Hi folks, this is long, so please forgive, but I'd like to understand best practice around working with date calcs.
We do some intensive querying with SAS and I'm going through and automating some process flows. One of the inconveniences I'm immediatly trying to solve is needing to input numerous specific dates in order to retrieve a desired result when querying. My general appoach to fixing this is to have the user input one or two dates, and create the rest of the desired dates via date-calculation.

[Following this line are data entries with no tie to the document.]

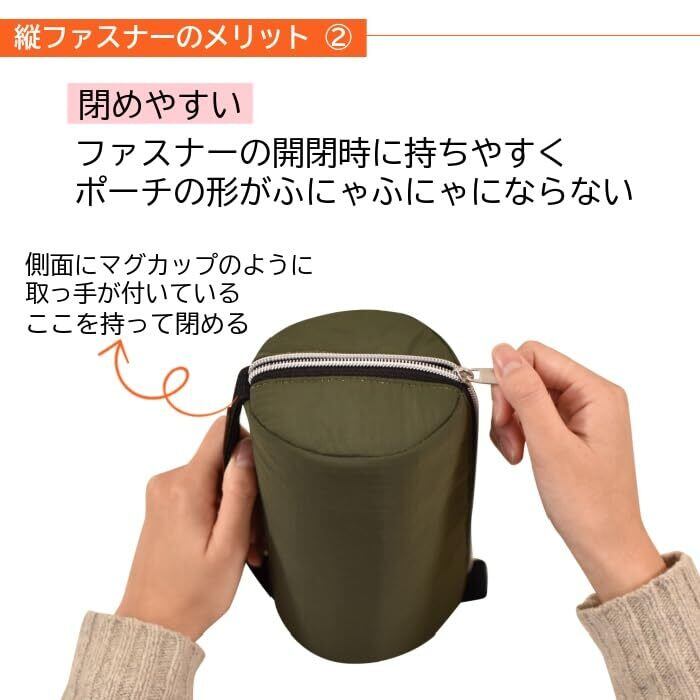 【縦ファスナーで出し入れしやすい】革新的な縦ファスナーを使用し、いままでの主流の横ファスナーのスープジャーポーチに比べ (1)開口が大きく出し入れしやすい、(2)ポーチ本体が自立しふにゃふにゃしない、(3)取っ手が付いて開閉の動作が安定する、(4)構造から薄く畳むことができる、という利点があります。
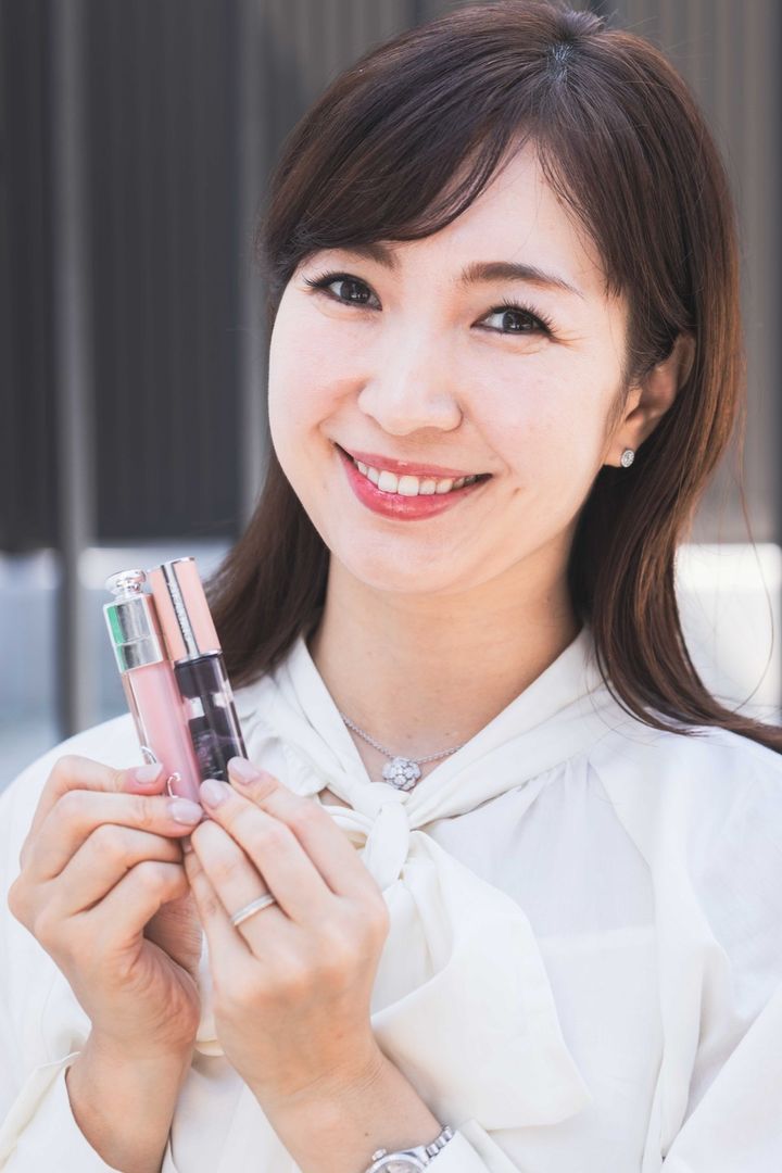 「10年近く愛用しているディオールのアディクト リップ マキシマイザー1番と、ジバンシィのローズ・パーフェクト・リキッドの11番を重ね付けしています。ディオールは乾燥しているときに塗ると唇がぷっくりと生き返り、ほぼ無色なのでリップクリーム代わりにも。ジバンシィは友人からの贈り物ですが、ph値で色が変わり、肌なじみのいいカラーになるのでヘビロテしています」大塚麻依子さん・35歳(160㎝/9歳と5歳の男の子と2歳の女の子ママ)
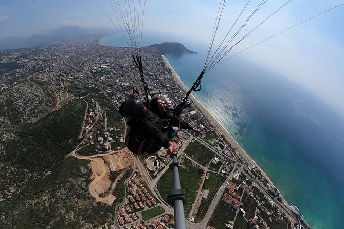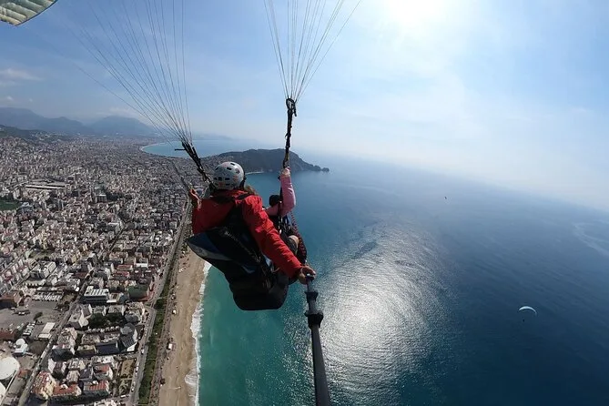 Vous décollerez à 700 mètres d’altitude au-dessus d’Alanya avec un pilote certifié, glissant environ 20 minutes au-dessus de la plage de Cléopâtre et ses eaux turquoise. Sentez l’air frais sur votre visage, pilotez si vous le souhaitez, puis atterrissez en douceur sur le sable. Transfert hôtel inclus — apportez juste votre courage et laissez-vous surprendre.

I approach date calculation two ways... if the user is unputing "dates" as character strings (e.g. "2015-01-01") Then I substring the string, into yr/mo/day, convert to numeric values, CATT, and date format. I then do some math off of the constituant parts of the character date they are providing (shown below)
DATA Tag_Test;
/* Method One */
/* Specified Date Rage as Character Strings */
Start_D = '01/04/2015';
End_D = '02/12/2015';
Start_Yr = INPUT(SUBSTR(Start_D,7,4),9.);
Start_Mo = INPUT(SUBSTR(Start_D,1,2),9.);
Start_Dy = INPUT(SUBSTR(Start_D,4,2),9.);
End_Yr = INPUT(SUBSTR(End_D,7,4),9.);
End_Mo = INPUT(SUBSTR(End_D,1,2),9.);
End_Dy = INPUT(SUBSTR(End_D,4,2),9.);
LY = Start_Yr - 1;
Start_Date = INPUT(CATT(Start_Mo,'/',Start_Dy,'/',Start_Yr),MMDDYY10.); FORMAT Start_Date Date9.;
End_Date = INPUT(CATT(End_Mo,'/',End_Dy,'/',End_Yr),MMDDYY10.); FORMAT End_Date Date9.;
LY_Start = INPUT(CATT('01','/','01','/',LY),MMDDYY10.); FORMAT LY_Start Date9.;
LY_End = INPUT(CATT('12','/','31','/',LY),MMDDYY10.); FORMAT LY_End Date9.;
TY_Start = INPUT(CATT('01','/','01','/',Start_Yr),MMDDYY10.); FORMAT TY_Start Date9.;
TY_Day2 = INPUT(CATT('01','/','02','/',Start_Yr),MMDDYY10.); FORMAT TY_Day2 Date9.;
TY_Start_Less_1 = INTNX('day',Start_Date,-1); FORMAT TY_Start_Less_1 Date9.;
RUN;
If the user is providing numeric dates within SAS I go with standard DATE functions & INTNX to arrive at the dates needed.
DATA Tag_Test;
/* Method Two */
/* Specified Date Rage from Date Values */
Start_Date = '01FEB2015'd;
FORMAT Start_Date Date9.;
End_Date = '03FEB2015'd;
FORMAT End_Date Date9.;
Start_Yr = Year(Start_Date);
Start_Mo = Month(Start_Date);
Start_Dy = Day(Start_Date);
End_Yr = Year(End_Date);
End_Mo = Month(End_Date);
End_Dy = Day(End_Date);
LY = Start_Yr -1;
LY_Start = INPUT(CATT(01,'/',01,'/',LY),MMDDYY10.); FORMAT LY_Start Date9.;
LY_End = INPUT(CATT(12,'/',31,'/',LY),MMDDYY10.); FORMAT LY_End Date9.;
TY_Start = INPUT(CATT(01,'/',01,'/',Start_Yr),MMDDYY10.); FORMAT TY_Start Date9.;
TY_Day2 = INPUT(CATT(01,'/',02,'/',Start_Yr),MMDDYY10.); FORMAT TY_Day2 Date9.;
TY_Start_Less_1 = INTNX('day',Start_Date,-1); FORMAT TY_Start_Less_1 Date9.;
RUN;
However, then I try to create global macro's to be used in several queries, I run into issues. Mainly, how to do date calculations to create macro variables when I'm not creating variables in a table. The code works fine when SAS understands I'm creating table output. But when I try to code without specifying DATA "table_name"; ......RUN; it does not recognize my date variables as anything but strings. If I were to run the below snippet, and %put LY, it sees LY = "Start_Yr -1", and not the date output.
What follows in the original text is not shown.